Oil could start to outperform gold sooner rather than later

JOHANNESBURG – Gold is a spectacular winner in the carnage on most markets as a result of the Covid-19 outbreak. In stark contrast, oil is the spectacular loser.

The gold price has been in a rising trend against the oil price since 2004, but what is remarkable is that the deviations from the trend follow the trend of CBOE VIX – a popular measure of market risk and investor sentiment as it is based on market volatility. 

Yes, sometimes it is more pronounced than other times due to underlying supply and demand factors. Currently the deviation from the long-term trend is at the highest level since 2004 and matches the elevated VIX which find itself at similar highs as during the global financial crisis in 2008/09.

Graph 1: It is impossible to estimate the potential duration of the Covid-19 crisis. All I know is that stock market volatility will remain at elevated or anxiety levels. The big question is will gold continue its superior performance relative to oil?

According to Rystad Energy, an independent energy research and business intelligence company, the weighted average break-even Brent crude oil of producing fields in May 2019 was $26 (R458) per barrel in 2019 money terms. Yes, spot on the price at the close of business on Friday. I will not dispute the fact that the current glut of oil in the market due to falling demand may push prices lower. The range of break-even prices is between $12 and $40 per barrel. It can therefore be expected that production will soon be curtailed due to financial difficulties. Yes, supply will adjust to demand and prices will stabilise. Bear in mind that the oil price is currently at a 17-year low – so, how low can it go?

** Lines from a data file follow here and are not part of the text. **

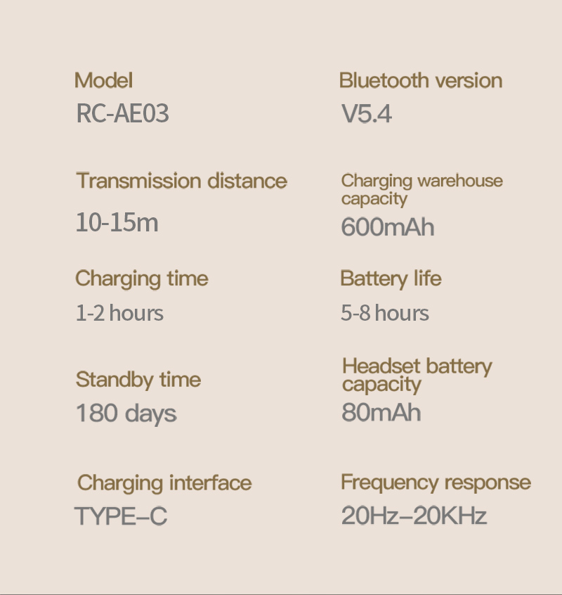 The RC-AE03 Smart AI Earbuds combine premium sound with intelligent features. Powered by Zhongke Lanxun 5656C Bluetooth 5.4+EDR chip, these earbuds offer ultra-clear HD music and calls with a 16.2mm composite wool + PU speaker. Enjoy 10 hours of playback, touch control, and IPX5 waterproof protection. Features include AI voice translation, pop-up pairing with Hall sensor, dual-ear touch control, game/music mode switch, and a 600mAh charging case with up to 3.5 recharges via Type-C.
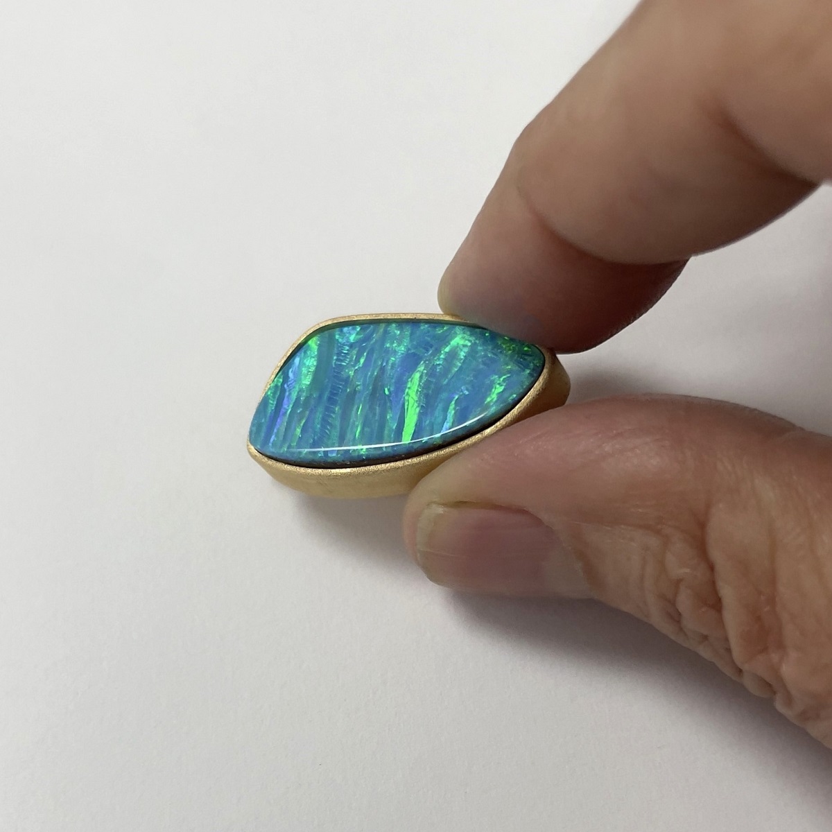 Natural abstract cut opal bezel set in 14k yellow gold.
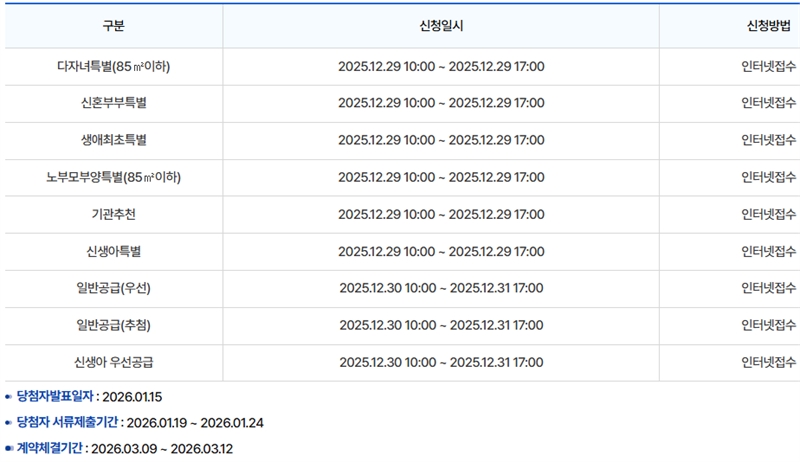 ■ 공급위치 : 행정중심복합도시 5-1생활권 L1블록 ■ 공급대상 : 공공분양주택 643세대 (건설호수 총 681호 중 오피스텔 38호는 추후 별도 공급 예정) ※신청접수 시 신청자격을 검증하지 않고 신청자의 입력(기재)사항만으로 당첨자를 결정하므로 공고문의 공급유형별 신청자격을 사전에 반드시 확인하시기 바랍니다. ■ 모집공고 : 2025.12.19(금) ■ 청약신청접수 - 특별공급 : 2025.12.29(월) 10:00~17:00 - 일반공급 : 2025.12.30(화), 10:00 ~ 31(수), 17:00 ■ 당첨자발표 : 2026.1.15(목), 16:00 이후 ■ 서류제출: 온라인 2026.1.19(월), 10:00 ~ 20(화)16:00 현 장 2026.1.22(목) ~ 24(토), 10:00 ~ 16:00 ■ 계약체결일 : 2026.3.9(월)~12(목) -전자계약 : 2026.3.9(월), 10:00 ~ 3.10(화), 16:00 (부동산거래전자계약시스템) -현장계약 : 2026.3.11(수) ~ 12(목) 10:00~16:00 (주택전시관 1층) ■ 기타 자세한 사항은 모집공고문을 확인하시기 바랍니다.
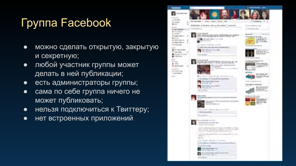 Группы в Facebook объединяют людей по интересам и позволяют создать синергию. В отличие от личного профиля, где только я могу постить на своей стене, и в отличие от бизнес-страницы, где только вы и ваши администраторы могут делать публикации, – в группе все её участники могут публиковать сообщения. В зависимости от активности пользователя, ему присваиваются почётные статусы.

One of the ratios I use as an indicator of equity market risk is the gold price in US dollars relative to the MSCI Emerging Markets Index in terms of US dollars.

Not only is the ratio highly correlated to the CBOE VIX but it also gives an indication of the investment demand for gold, made up from gold bars, coins, exchange traded funds and central bank purchases. The ratio currently exceeds the highs during the euro crisis in 2011/12 and indicates demand of up to 700 tons in the first quarter this year, up from about 400 tons in the final quarter last year.